気候変動関連指標からセメント会社の収益を考察

 本レポートは、CDPが2016年6月に公表したセメント会社の評価ランキング(以下、リーグテーブル)を更新し、内容を拡充したものである。ここでは大手上場セメント会社13社を対象に、低炭素社会への移行に向けた取組み状況をランク付けする。これら13社を合わせたセメント生産量は世界全体の15%を占めるにとどまるが、インド、欧州、米国といった主要市場で大きなシェアを確保している。世界のセメント生産量の50%は中国が占めているが、中国企業の開示情報は限られているため分析対象には含まない。  
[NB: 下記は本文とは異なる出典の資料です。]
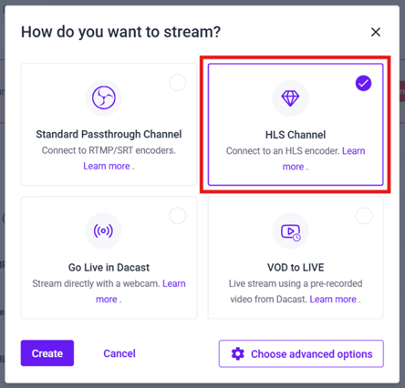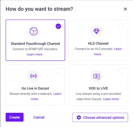 This will open a modal where you can make your selection. Select the "Standard Passthrough Channel" for your RTMP or SRT input stream, and then click on "Create".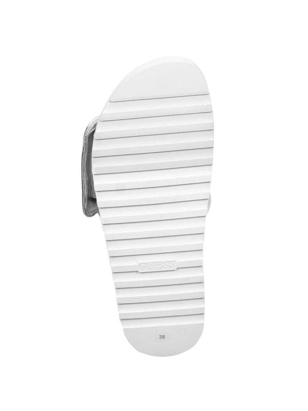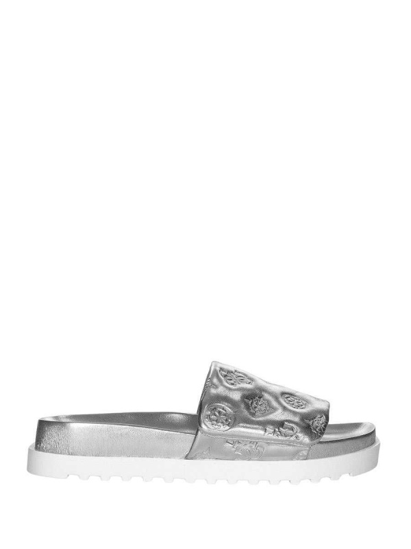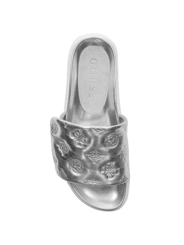 Ženske srebrene Guess 'Fabio' papuče sa širokim logo kaišem.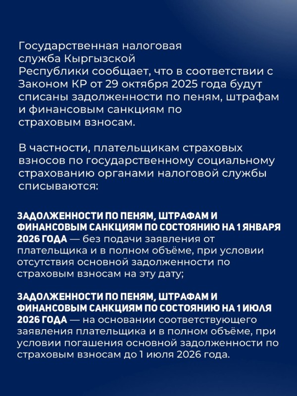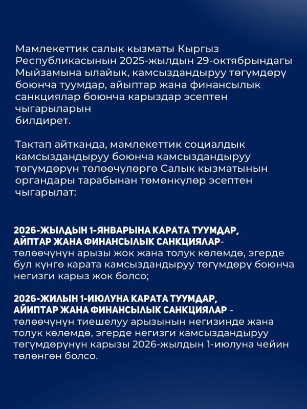 ✅ Камсыздандыруу төгүмдөрү боюнча карыздарды эсептен чыгарууга мүмкүнчүлүк берилди.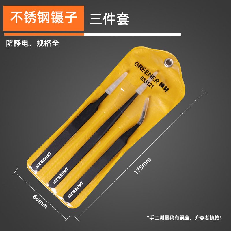초록의 숲 정밀 스테인리스 핀셋 3 피스 세트 팔꿈치 플랫 헤드 얇은 뾰족한 헤드 정전기 방지 용접 디지털 수리스토어 가기
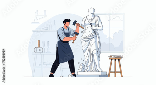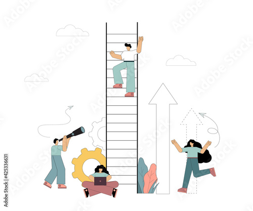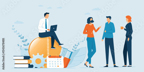 Vektorová ilustrace malých lidí, kteří vkládají knihy do hlavy velkého muže. Sebezdokonalování, trénink mozku, učení, koncept osobního rozvoje pro webový banner, webová stránka.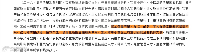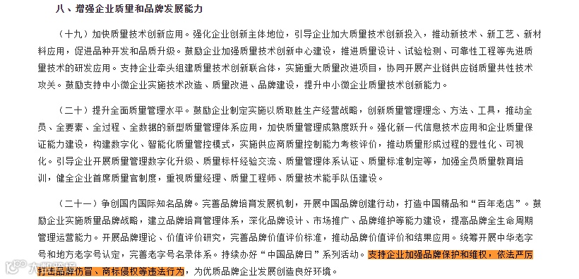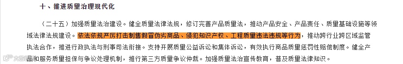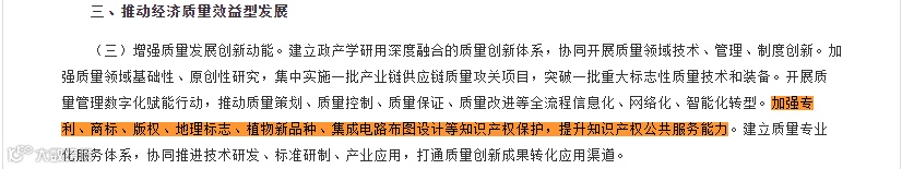 《纲要》还从推动经济质量效益型发展、增强产业质量竞争力、加快产品质量提档升级、提升建设工程品质、增加优质服务供给等方面提出了要求。其中,涉及知识产权的内容如下(节选):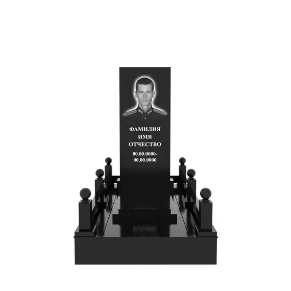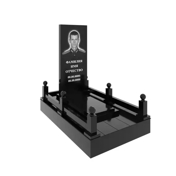 Гранитный подиум 150 × 240 см, высота 30 см, гравировка полурост, столбики и шары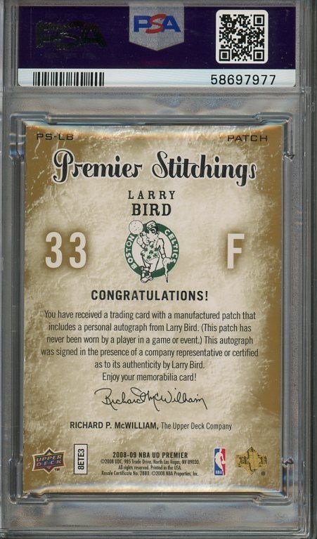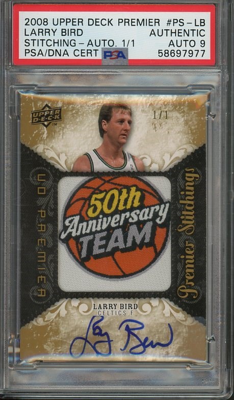 Lot # 44: 2008 Upper Deck Premier Larry Bird Stitching Autograph (1 of 1) with PSA Mint 9 Auto Grade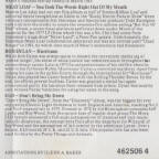 Bob's contribution is a unique 5:40 edit of Hurricane from Desire as track 3. Because this is a rarity, full details are in 1988. Thanks to Stuart Moore for information and scans. |

 また2016年のレポートと比較すると、アジアのセメント会社4社―インドのACC、アンブジャ・セメント(ともにスイスに本社をおくラファージュホルシムの上場子会社)およびダルミア・バラット(Dalmia Bharat)、台湾のアジア・セメント―が新たに調査対象に加わる一方、イタリアのイタルチェメンティはドイツのハイデルベルグセメントの傘下に入ったため調査対象から外れた。

 セメント業界のエネルギー消費量はセクター別で第3位であり、二酸化炭素排出量は鉄鋼産業に次ぐ第2位で世界全体の排出量の6%を占める(国際エネルギー機関による2017年の統計)。現状ではCOP21で採択されたパリ協定に準拠しておらず、産業革命前からの世界の平均気温上昇を2℃より十分低く保つという目標を達成するためには環境を大幅に変える必要がある。

 セメント業界が排出する二酸化炭素の大部分は生産過程で生じる。脱炭素化に向けた主な対策として、代替となる原材料および燃料の利用が考えられるが、その方策は限定的である。また、二酸化炭素排出量の削減に有効な二酸化炭素蓄留(以下、CCS)技術の導入も進んでいないため、新製品開発の動きも活発ではない。 

 セメント会社のリーグテーブルは、2017年に公開された「気候関連財務情報開示タスクフォース(TCFD)」 の最終提言に則り、以下の評価項目の結果にもとづいている。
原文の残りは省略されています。